The mean duration between symptom-onset and quarantine/isolation was 4.3 days (0-15). It was especially longer (10-12 days) in index patients who were infected in Japan, Thailand, and Singapore, which were not considered as possible risk-areas (Table 1).
Reproduction number (R) was estimated based on data of 26 (14, index; 9, 1st generation, and 3, 2nd generation) patients among total 28 confirmed cases, excluding the 2 Korean patients who had been immediately quarantined after being transported from Wuhan and therefore did not come into contact with the Korean population. As of now, the R is estimated to be 0.48 in Korea (Poisson 95% confidence interval, 0.25 to 0.84) (Table 1).
As of February 8, 2020, patient #6 had transmitted the infection to the highest number (n=3; 2 family members and 1 acquaintance). As super spreading event is defined when a patient transmits the infection to 5 or more people, this case has not yet been observed in Korea (Figure 5).
Of the 28 infected patients diagnosed in Korea, 3 were asymptomatic. Of them, patients #18 and #22 were first-generation patients infected by patient #16 and these patients were asymptomatic even though they were tested positive with the virus at the beginning of quarantine.
Of 28 patients, 4 have been discharged as of February 10, 2020. Patients #2, #1, #11, and #4 were discharged on day-13 (February 5), 19 (February 6), 11(February 10), and 15 (February 9) of hospitalization, respectively (Figure 5). There are currently no clinically serious patients among those undergoing treatment. After more patients recover and are discharged in the future, further detailed epidemiologic information (such as mean duration of hospitalization, duration of disappearance of symptoms and viral shedding since hospitalization) would be suggested.
Patient characteristics
Data on clinical progression, exposed contacts, and transmission of infection for each confirmed case are presented as Appendix 1.
Baseline characteristics are shown in Figure 5.
Analysis of data on confirmed cases in Korea, has yielded an incubation period of 3.9 days and median patient age of 42-year, which are lower than the incubation period of 5.2 days and the median age of 59 years announced in China [5]. The older age of patients might have increased fatality rate in China. The novel Coronavirus outbreak which originated in China at the end of 2019, is now spreading around the world. Totally, 28 cases have been confirmed in Korea as of February 10, 2020. Of these, 12 were infected in China, while 4 contracted the infection in other countries. The remaining 12 patients were infected by these index cases and were diagnosed while being monitored by the quarantine authority as contacts of confirmed patients. Therefore, community transmission with an unknown infection-cycle has not yet been occurred in Korea. Furthermore, due to blockade of the Hubei province (enforced on January 23, 2020) and limitation of group tour imposed by the Chinese government (on January 27, 2020), there have been no confirmed cases among the people travelling to Korea from China, since January 24, 2020. However, early diagnosis of patient is urgent as index cases are entering Korea from countries other than China. Fortunately, the technique of molecular diagnosis of the virus using reverse transcriptase-polymerase chain reaction, was quickly developed in Korea and has been available in medical institutions including private institutes across the country since February 7, 2020. This will allow early identification of undetected patients, thus improving their prognosis as well as preventing community transmission. WHO announced a Public Health Emergency of International Concern worldwide on January 30, 2020 [6], with an aim to cope more effectively with infectious disease, through international collaboration. It is necessary for all the countries including China, to promptly share epidemiological information on this new disease. Our epidemiology research team will keep accumulating new data and updating related indices.
Korean version is available at http://www.e-epih.org/.

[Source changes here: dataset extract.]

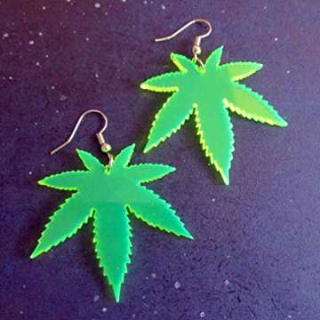 Show moreIntroducing the **Big Neon Green Pot Leaf Dangle Earrings**, the perfect accessory for those who love to express their quirky style! Crafted from vibrant neon green acrylic, these unique earrings not only catch the light during the day but also *glow dramatically under black light*, making them ideal for rave wear or any festive occasion. Each stunning pot leaf pendant measures an impressive 1.75 inches wide by 1.75 inches tall, ensuring they make a bold statement without weighing you down. Their lightweight design ensures comfort, allowing you to flaunt your fun side without sacrificing your ears' well-being.

The authors have no conflicts of interest to declare for this study.


This research was supported by a Government-wide R&D Fund project for infectious disease research (GFID), Republic of Korea (grant No. HG18C0088).


All work was done by MK and Task Force for 2019-nCoV.

We express our deepest gratitude to all the employees of the Korea Centers for Disease Control and Prevention and public health centers, working hard to prevent an epidemic as well as to all the epidemiology investigators, performing investigation on-site.
We would also like to thank researcher Eun-young Lee, who summarized patient data, and Yu Suk Oh from Design Dano, who created figures that were easy to understand.
A full list of the members of Task Force for 2019-nCoV (alphabetically ordered): Bo Youl Choi (Department of Preventive Medicine, Hanynag University College of Medicine); Hwa-young Choi (Department of Cancer Control and Population Health, Graduate School of Cancer Science and Policy, National Cancer Center); Hyojung Lee (Busan Center for Medical Mathematics [BCMM], National Institute for Mathematical Sciences [NIMS]); Hyunjin Son (Busan Center for Infectious Disease Control and Prevention, Busan National University Hospital); Jae Yong Kim (Yonsei University Wonju College of Medicine); Jin Yong Kim (Division of Infectious Diseases, Department of Internal Medicine, Incheon Medical Center); Jong-Hoon Kim (International Vaccine Institute); Jong-Hun Kim (Department of Social and Preventive Medicine, Sungkyunkwan University School of Medicine); Jungsoon Choi (Department of Mathematics, Hanyang University); Moran Ki (Department of Cancer Control and Population Health, Graduate School of Cancer Science and Policy, National Cancer Center); Okyu Kwon (National Institute for Mathematical Sciences); Sunhwa Choi (Department of Cancer Control and Population Health, Graduate School of Cancer Science and Policy, National Cancer Center); Sunworl Kim (Laboratory for future EMS, National Emergency Medical Center, National Medical Center); Woo-Sik Son (National Institute for Mathematical Sciences).
Figure 1.
Early 28 cases of 2019 novel coronavirus disease in Korea according to the chain of transmission.
Figure 2.
Epidemic curves of 2019 novel coronavirus disease outbreak for early 28 cases, Korea. (A) Curve according to symptom-onset date, (B) curve according to disease-confirmed date. The symptom-onset of #2 case was on January 10, 2020 in China and he entered Korea on January 22, 2020.
Figure 3.
Epidemic curves of 2019 novel coronavirus disease outbreak for early 28 cases by area, Korea. (A) Curve according to symptom-onset date, (B) curve according to confirmed date. The symptom-onset of #2 case was on January 10, 2020 in China and entered Korea on January 22, 2020.
Figure 4.
Early 28 cases of 2019 novel coronavirus disease by geographical area in Korea. The two cases that were evacuated from Wuhan were not included in this map.
Figure 5.
Summary of epidemiologic characteristics of early 28 patients diagnosed with 2019 novel coronavirus disease in Korea. M, male; F, female; Info, information.
Table 1.
Summary of epidemiologic characteristics of 2019 novel coronavirus disease using early 28 cases in Korea
Characteristics n (%)
Male 15 (53.6)
Age (yr)
 20-29 6 (21.4)
 30-39 6 (21.4)
 40-49 6 (21.4)
 50-59 8 (28.6)
 60-69 1 (3.6)
 70-79 1 (3.6)
 Korean living in Korea 22 (78.6)
 Chinese living in Korea 3 (10.7)
 Chinese travelers from Wuhan, China 3 (10.7)
Source of infection
 Index case (n=16)
  Wuhan, China 11 (68.8)
  Guangdong, China 1 (6.3)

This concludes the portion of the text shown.